▶ _Exercise goal_:
Restate the whole listing below word for word and keep the images out.

▶ _Extracted entries_:

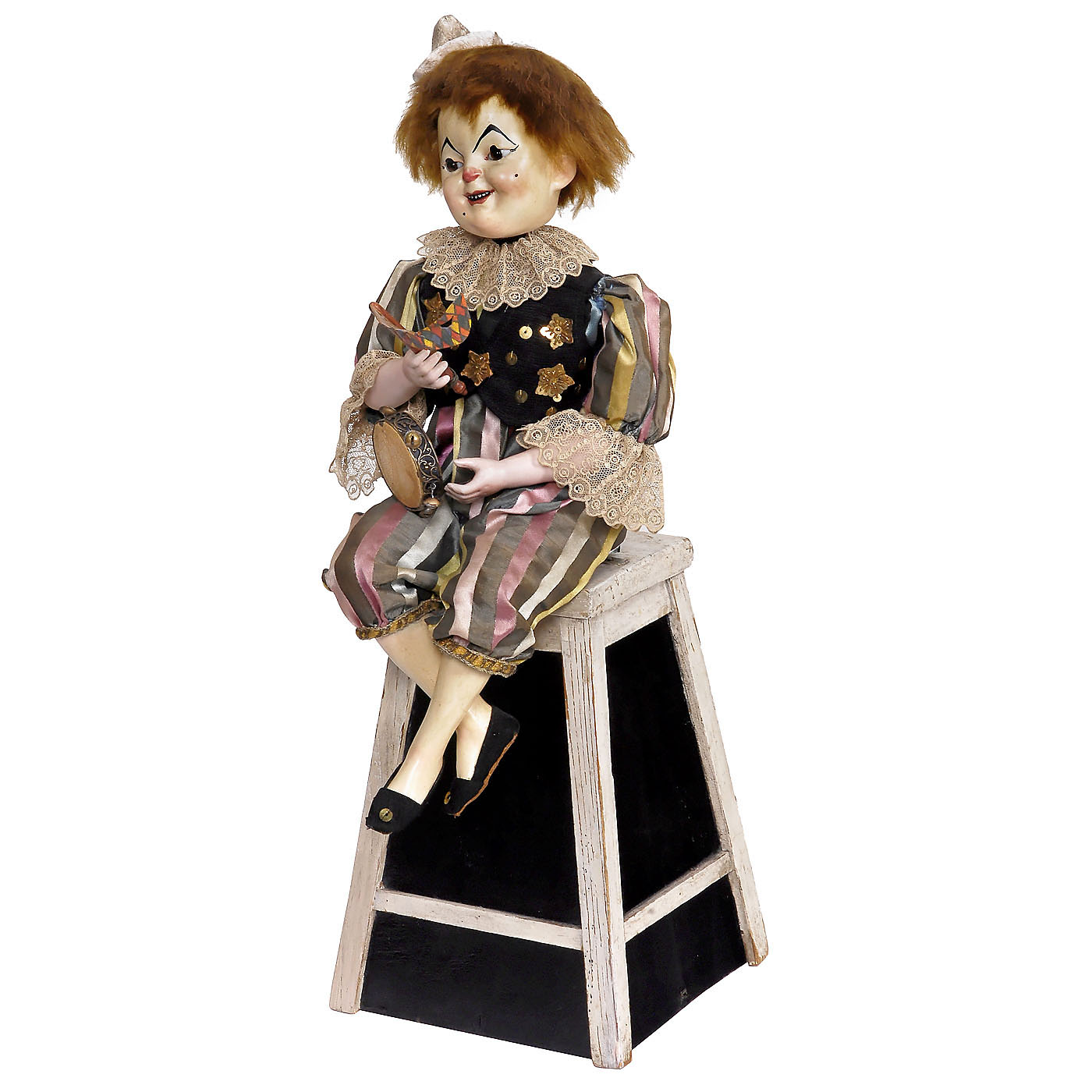 With round moon-like plaster-composition character head, laughing brown glass eyes, smiling mouth, bisque hands (minor restoration), slender articulated papier-mâché legs, dressed in striped satin suit, ruff and sequined waistcoat, going-barrel motor and two-air cylinder movement, overall ht. 21 in. (53 cm), paint renewed, objects suitably replaced. With brass acorn-form stop/start and pierced steel Vichy key. - The clown raises the mask to cover his face and lifts the tambourine three times while swinging his legs to and fro and titling his head from side to side as though laughing at his own performance. - A charming Vichy automaton with an unusual theme, puck-like character and a lively musical accompaniment. Good working condition.
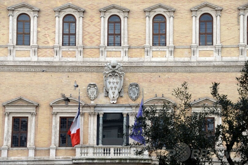 【2月28日 AFP】盛期ルネサンス(Hgh Renaissance)の最重要建築の一つ、イタリア・ローマ(Rome)のファルネーゼ宮(Farnese Palace)。その一室、天井装飾画のある「ガレリア・ファルネーゼ(Galleria Farnese)」が、3月から1年かけて修復される。ファルネーゼ宮は現在、フランス大使館として使われている。(c)AFP
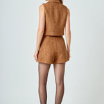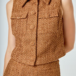 Step up your style game with our must-have Tweed Short Sleeveless Jacket! Made with high-quality tweed fabric, this jacket offers a trendy cropped length and sleek collar for an effortless polished look. Perfect for layering or dressing up any outfit, this jacket also includes front pockets for added functionality. Elevate your wardrobe with this versatile and on-trend piece that will keep you looking chic and cozy all day long. Shop now and add this stunning Tweed Short Sleeveless Jacket to your collection. Perfect for any fashion-forward individual!
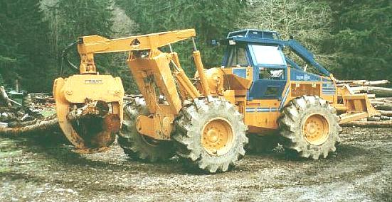 With the dawn of 1996, Morgan Silva Com ( a Canadian start up company) and released a completely new idea in log skidders. To use a phrase of some political people, they have reinvented the log skidder. Nearly every log skidder ever made has been mechanically driven and steered via articulation. The only except that this writer knows of involve some early Pettibone skidders which were steered with steering axles on both ends, and a Portland company (Westfall) who briefly built a large skid steer log skidder. This writer saw a Westfall just once on a equipment lot in Portland in thte later 1960's. The machine was something else. It had Cummins power that went back to a 3rd member under the operators seat. From there the power went out to the rear wheels and then forward in chain boxes much like skid steer loaders of today. The machine was simply large however, as I recall mounted on 18x25 highpressure truck tires. There was a very little bit of steering designed into the front axle. It isn't clear to this writer if it turned in the chains or had a ball joint that would turn a little. Primary steering however was 'skid steer'. Behind the cab was a winch and on the back was a loader with forks for loading logs. There was a fair lead in the middle of the rack so you could yard logs with the winch using the loader as an adjustable height arch, and then pick up the logs on the forks and load them. The front of the machine had a blade. A wonderful all in one machine. Too bad it didn't work.
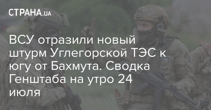 ВСУ отразили новый штурм Углегорской ТЭС к югу от Бахмута. Сводка Генштаба на утро 24 июля
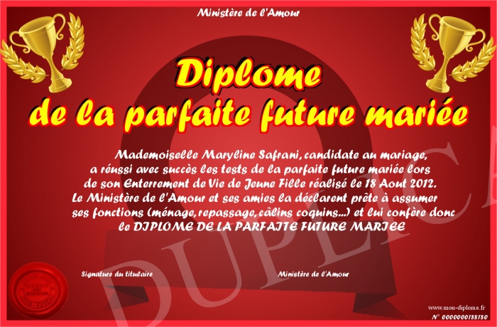Envoyez par email votre Diplôme de la parfaite future mariée personalisé
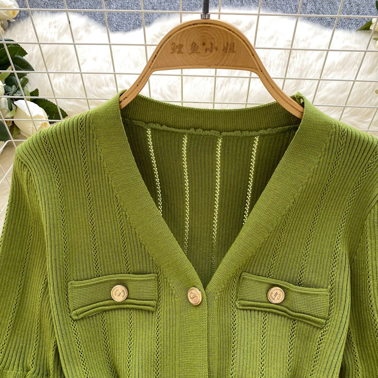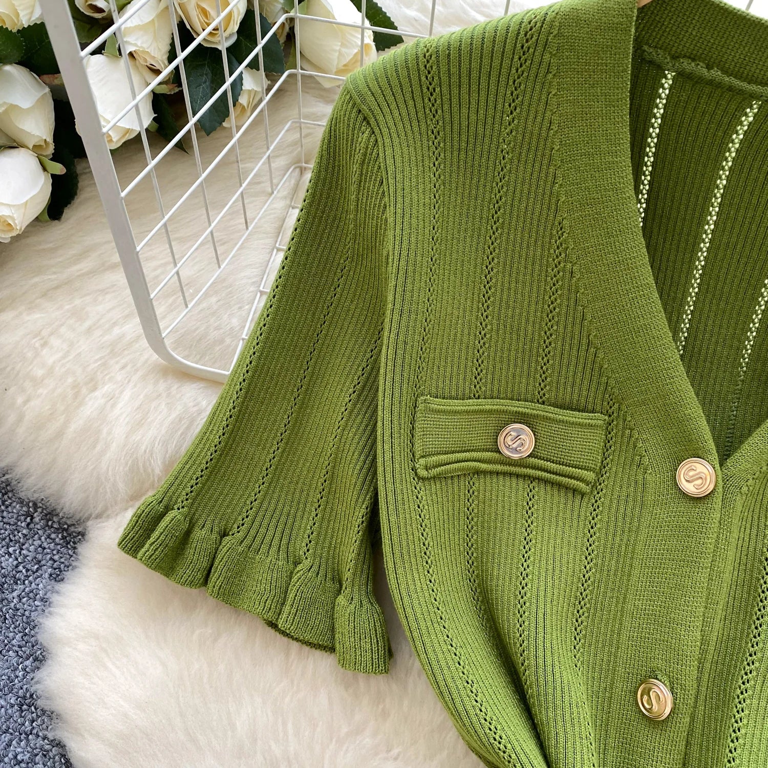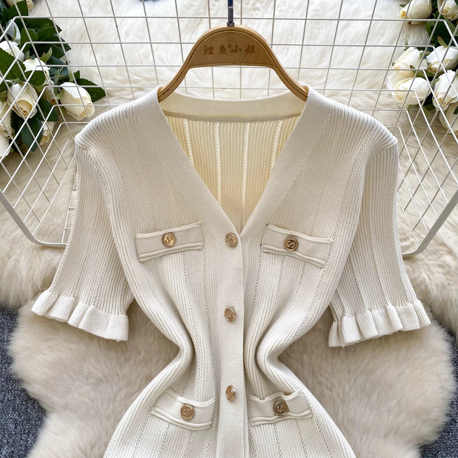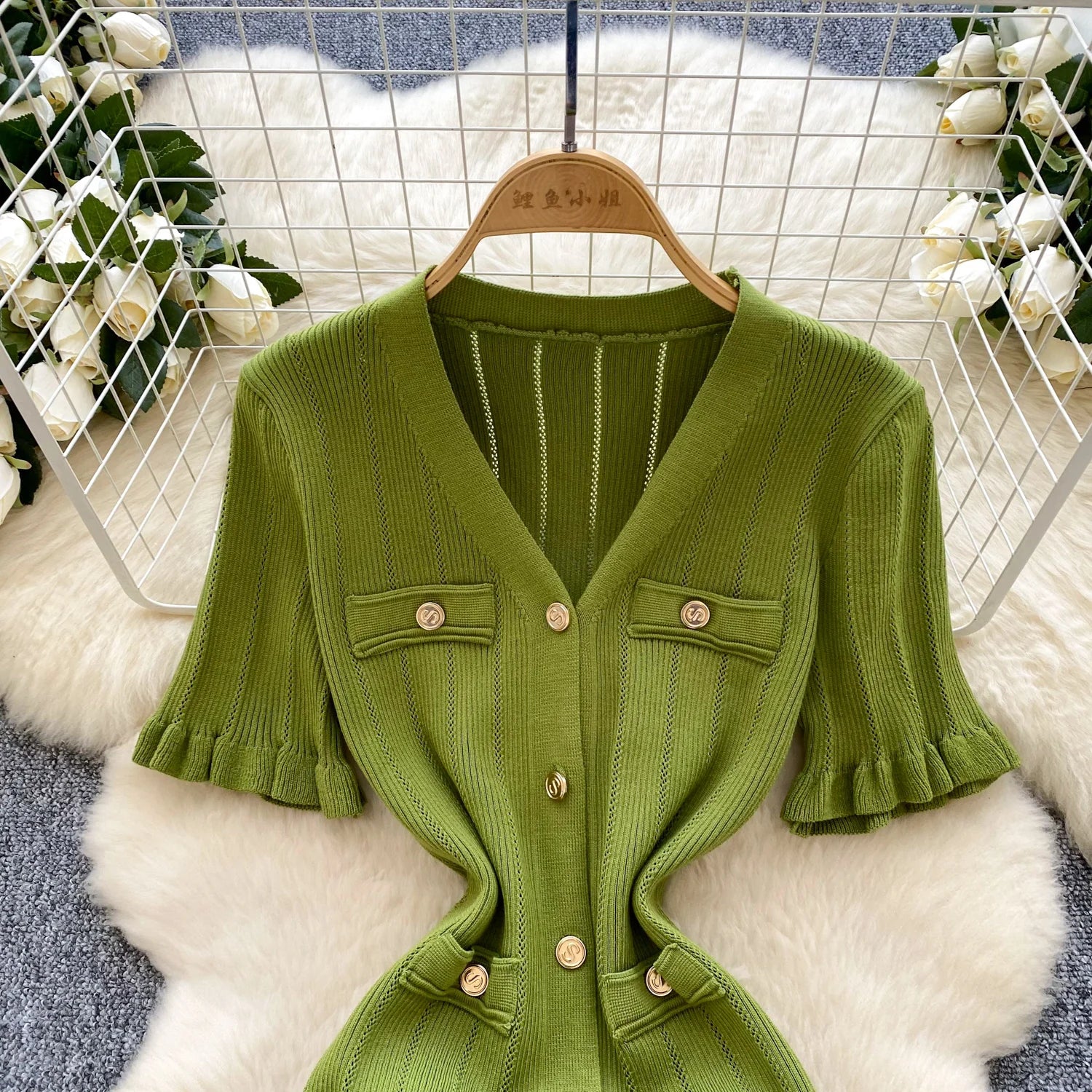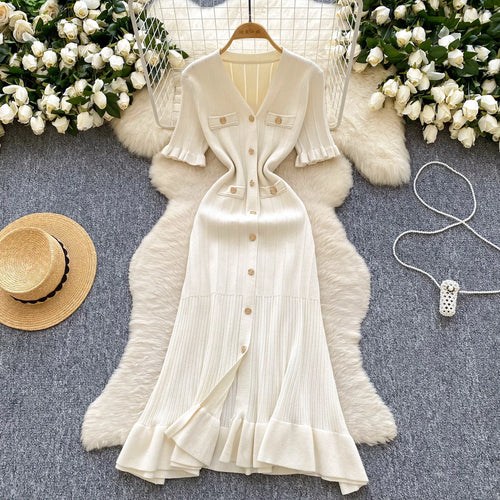 Vintage Single Breasted Women's Knitted Long Dress High Waist Short Sleeve Ruffles Straight Dress

▶ _Written response_:
 With round moon-like plaster-composition character head, laughing brown glass eyes, smiling mouth, bisque hands (minor restoration), slender articulated papier-mâché legs, dressed in striped satin suit, ruff and sequined waistcoat, going-barrel motor and two-air cylinder movement, overall ht. 21 in. (53 cm), paint renewed, objects suitably replaced. With brass acorn-form stop/start and pierced steel Vichy key. - The clown raises the mask to cover his face and lifts the tambourine three times while swinging his legs to and fro and titling his head from side to side as though laughing at his own performance. - A charming Vichy automaton with an unusual theme, puck-like character and a lively musical accompaniment. Good working condition.
 【2月28日 AFP】盛期ルネサンス(Hgh Renaissance)の最重要建築の一つ、イタリア・ローマ(Rome)のファルネーゼ宮(Farnese Palace)。その一室、天井装飾画のある「ガレリア・ファルネーゼ(Galleria Farnese)」が、3月から1年かけて修復される。ファルネーゼ宮は現在、フランス大使館として使われている。(c)AFP
 Step up your style game with our must-have Tweed Short Sleeveless Jacket! Made with high-quality tweed fabric, this jacket offers a trendy cropped length and sleek collar for an effortless polished look. Perfect for layering or dressing up any outfit, this jacket also includes front pockets for added functionality. Elevate your wardrobe with this versatile and on-trend piece that will keep you looking chic and cozy all day long. Shop now and add this stunning Tweed Short Sleeveless Jacket to your collection. Perfect for any fashion-forward individual!
 With the dawn of 1996, Morgan Silva Com ( a Canadian start up company) and released a completely new idea in log skidders. To use a phrase of some political people, they have reinvented the log skidder. Nearly every log skidder ever made has been mechanically driven and steered via articulation. The only except that this writer knows of involve some early Pettibone skidders which were steered with steering axles on both ends, and a Portland company (Westfall) who briefly built a large skid steer log skidder. This writer saw a Westfall just once on a equipment lot in Portland in thte later 1960's. The machine was something else. It had Cummins power that went back to a 3rd member under the operators seat. From there the power went out to the rear wheels and then forward in chain boxes much like skid steer loaders of today. The machine was simply large however, as I recall mounted on 18x25 highpressure truck tires. There was a very little bit of steering designed into the front axle. It isn't clear to this writer if it turned in the chains or had a ball joint that would turn a little. Primary steering however was 'skid steer'. Behind the cab was a winch and on the back was a loader with forks for loading logs. There was a fair lead in the middle of the rack so you could yard logs with the winch using the loader as an adjustable height arch, and then pick up the logs on the forks and load them. The front of the machine had a blade. A wonderful all in one machine. Too bad it didn't work.
 ВСУ отразили новый штурм Углегорской ТЭС к югу от Бахмута. Сводка Генштаба на утро 24 июля
Envoyez par email votre Diplôme de la parfaite future mariée personalisé
 Vintage Single Breasted Women's Knitted Long Dress High Waist Short Sleeve Ruffles Straight Dress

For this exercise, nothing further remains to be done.